Two Yezidi girls, one boy rescued in Turkey return to family in Duhok
One mother tightly hugged and held her daughter in her arms after three years of separation.
The mother with whom Rudaw interviewed said eight of her children taken by ISIS were still missing.
“All of our [other] children are under the hands of the enemies,” the mother said while holding her rescued little daughter, crying. “Yet my five sons, three daughters and husband are under ISIS. I do not know anything about them.”
The three now returned Yezidis, ranging between the ages of 5 and 7, were living in Turkey with a Syrian family who had helped the children, according to the Embassy of Iraq in Ankara.
A Rudaw correspondent in the Turkish capital reported they spoke little Kurdish when interviewed, but appeared to have good knowledge of Turkish.
In Duhok, the girl struggled to express anything when spoken to by Rudaw reporter Ayub Nasri in Kurdish.

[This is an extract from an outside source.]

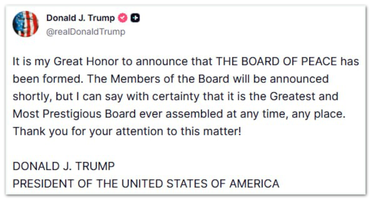 “É uma grande honra anunciar que o CONSELHO DA PAZ foi formado”, declarou Trump em uma publicação na plataforma Truth Social. “Os integrantes do conselho serão anunciados em breve, mas posso afirmar com certeza que este é o maior e mais prestigioso conselho já reunido, em qualquer época e lugar”, disse.
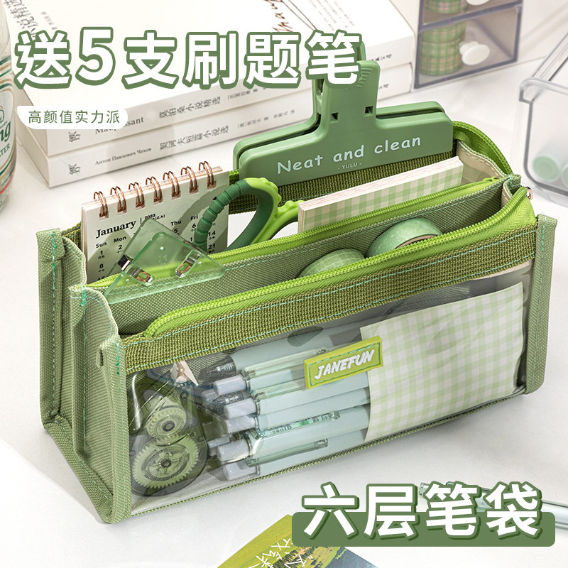 晨光大容量透明网纱笔袋文具袋

“We have been working for three-and-a-half months to rescue these three children,” Khairi Bozani, the head of the Yezidi affairs at the KRG Ministry of Religious Affairs told Rudaw.
Bozani said they would continue to work to rescue the many Kurdish Yezidis still with ISIS.
Parts of Shingal at different times have been under the control of ISIS, the Kurdistan Regional Government, the Government of Iraq, Hashd al-Shaabi paramilitias, and other groups.
Many ISIS families took the kidnapped Yezidi children in August 2014 and fled to Syria and elsewhere, so Bozani explained, their work has become more difficult.
“For example, these three kids were in Turkey and Turkey did not hand them over so easily. Therefore, we are forced to formally call for their handover and of course that requires time,” he stated.
Ali Atalan, a Yezidi member of the Turkish parliament from the pro-Kurdish People’s Democratic Party (HDP) who visited the children in the embassy had described the three’s situation as tragic.
“You see, they have become mute, they have lost their native language,” explained Atalan. “They cannot speak their language. They may not even know their parents anymore. They do not know who they are, or where they come from.”
The children were given into the custody of a Yezidi religious leader in Turkey to accompany them back to their relatives in the Kurdistan Region, through Baghdad airport.
Nearly half of the Yezidis abducted by ISIS in August 2014 from Shingal and its surrounding areas are still being held captive or their fates remain unknown, according to the latest data released by the KRG’s ministry of religious affairs.